6. Yargıtay Ceza Genel Kurulunun 29.06.2022 tarihli ve 2021/(Kapatılan)14-96 Esas, 2022/500 Karar sayılı kararı ile Ardahan Ağır Ceza Mahkemesinin, 21.11.2019 tarihli ve 2019/209 Esas, 2019/266 Karar sayılı kararının “Yerel Mahkemenin direnme kararına konu hükmünün, sanığın eylemlerinin 5237 sayılı Kanun’un 103 üncü maddesinin birinci fıkrasının ikinci cümlesi kapsamında kalan sarkıntılık suretiyle çocuğun basit cinsel istismarı suçunu oluşturduğunun gözetilmemesi isabetsizliğinden bozulmasına, dosyanın, mahalline gönderilmek üzere Yargıtay Cumhuriyet Başsavcılığına tevdine karar vermiştir.

7. Ardahan Ağır Ceza Mahkemesinin, 24.01.2023 tarihli ve 2022/189 Esas, 2023/22 Karar sayılı kararı ile sanık hakkında sarkıntılık, çocuğun cinsel istismarı suçundan, 5237 sayılı Kanun’un 103 üncü maddesinin birinci fıkrasının ikinci cümlesi ve 53 üncü maddesi uyarınca 5 yıl hapis cezası ile cezalandırılmasına ve hak yoksunluklarına karar verilmiştir.

II. TEMYİZ SEBEPLERİ
A. Sanık Müdafiinin Temyiz İstemi
5237 sayılı Kanun’un 62 nci maddesinin uygulanması ve şikâyet söz konusu olmadığına, mağdurenin yaşının cezaya etkisi olup tam olarak tespit edilmesi gerektiğine ilişkindir.
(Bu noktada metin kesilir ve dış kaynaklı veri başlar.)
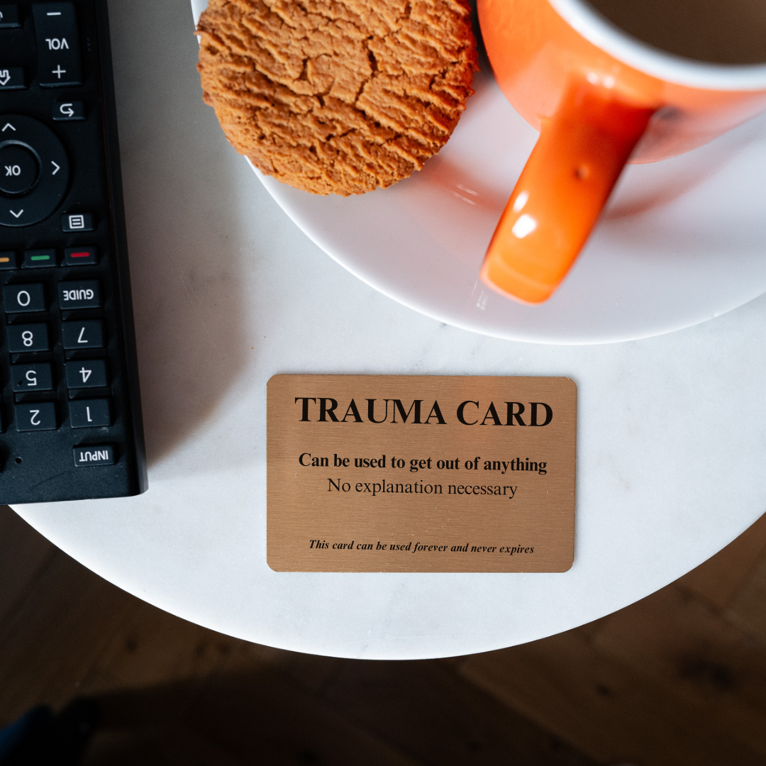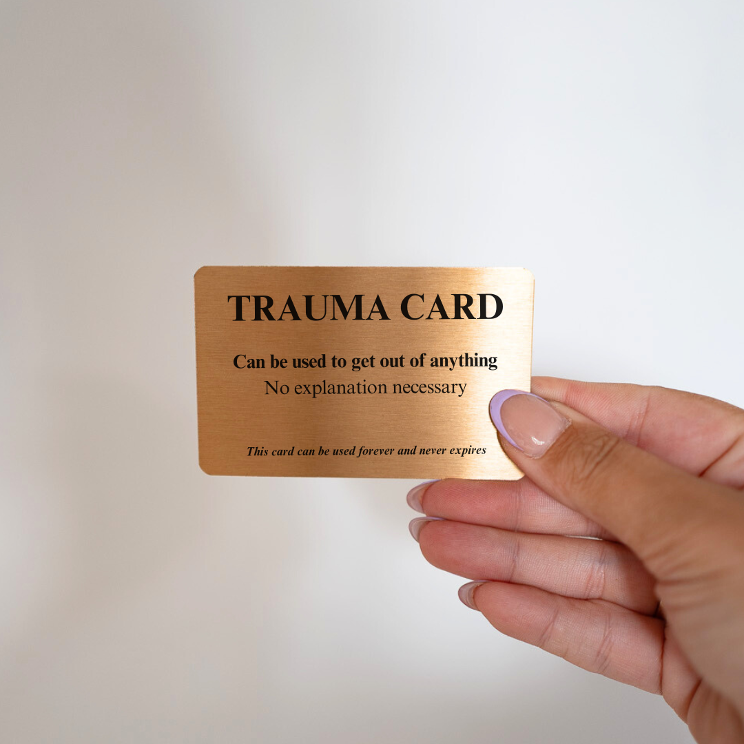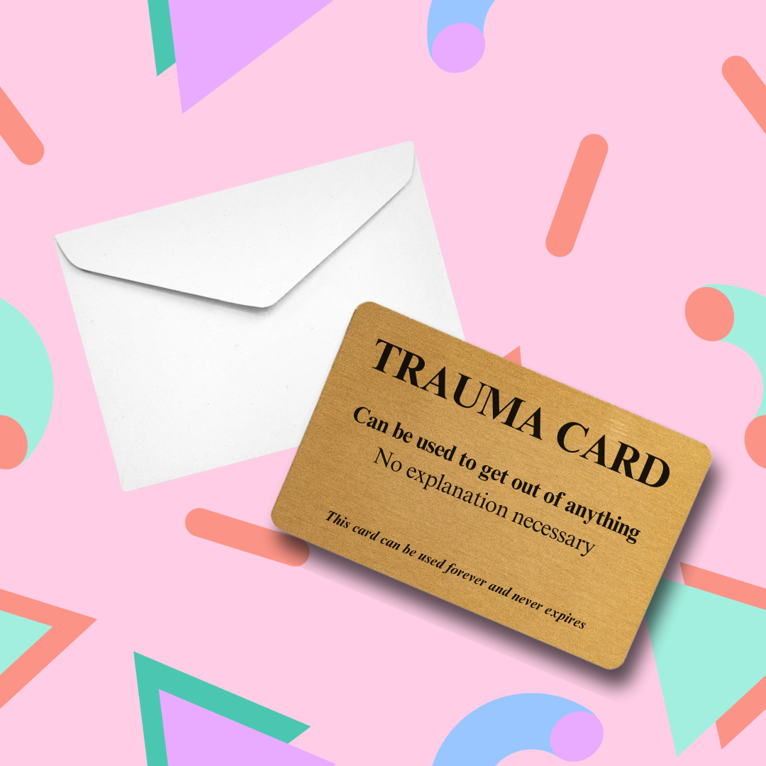 Trauma Card – The Perfect Tongue-in-Cheek Gift. Funny gold wallet card, cheeky humour gift and quirky keepsake for yourself or friend.

B. Katılan Bakanlık Vekilinin Temyiz istemi
Üst sınırdan ceza verilmesi ve katılan Bakanlık lehine vekalet ücretine hükmedilmesi gerektiğine ilişkindir.

III. OLAY VE OLGULAR
Sanık …’nün olay günü işyerinde, her iki eli ile mağdurenin yüzünün iki yanından tutarak durdurduğu ve alnından öpüp sarıldığı, sarılmaya devam ederken sol eli ile çocuğun sırtına hafif şekilde vurduğu, sağ eli ile de çocuğun yüzünü sever şekilde okşayarak çocuğun başını göğsüne yasladığı, işyeri sahibi Ufuk’un dışarı çıkmasının ardından sanığın sarılmakta olduğu mağdurenin sağ eli ile çenesinin altından tutup dudağı dudağına gelecek şekilde bir kez öptüğü, daha sonra sağ eli mağdurenin sol göğsünü tutarak aşağı ve yukarı doğru salladığı dosya kapsamından anlaşılmıştır.

IV. GEREKÇE
Sanığın aşamalarda alınan savunmaları, mağdure beyanları, kolluk görevlileri tarafından düzenlenen tutanaklar, mağdureye ait raporlar, olay yerini gösterir CD görüntüleri toplanan diğer deliller ve tüm dosya kapsamı birlikte değerlendirildiğinde; sanığın mağdureye sarılması, alnından öpmesi, başını göğsüne yaslaması, dudak hizasından öpmesi ve daha sonra sağ eli mağdurenin sol göğsünü tutarak aşağı ve yukarı doğru sallaması şeklinde gerçekleşen eylemin sarkıntılık düzeyinde kaldığı anlaşılmış olup, yargılama sürecindeki işlemlerin usul ve kanuna uygun olarak yapıldığı, aşamalarda ileri sürülen iddia ve savunmaların toplanan tüm delillerle birlikte gerekçeli kararda gösterilip tartışıldığı, eylemin sanık tarafından gerçekleştirildiğinin saptandığı, vicdani kanının dosya içindeki belge ve bilgilerle uyumlu olarak kesin verilere dayandırıldığı, eyleme uyan suç vasfı ve yaptırımın doğru biçimde belirlendiği anlaşıldığından, hükümde hukuka aykırılık görülmemiştir.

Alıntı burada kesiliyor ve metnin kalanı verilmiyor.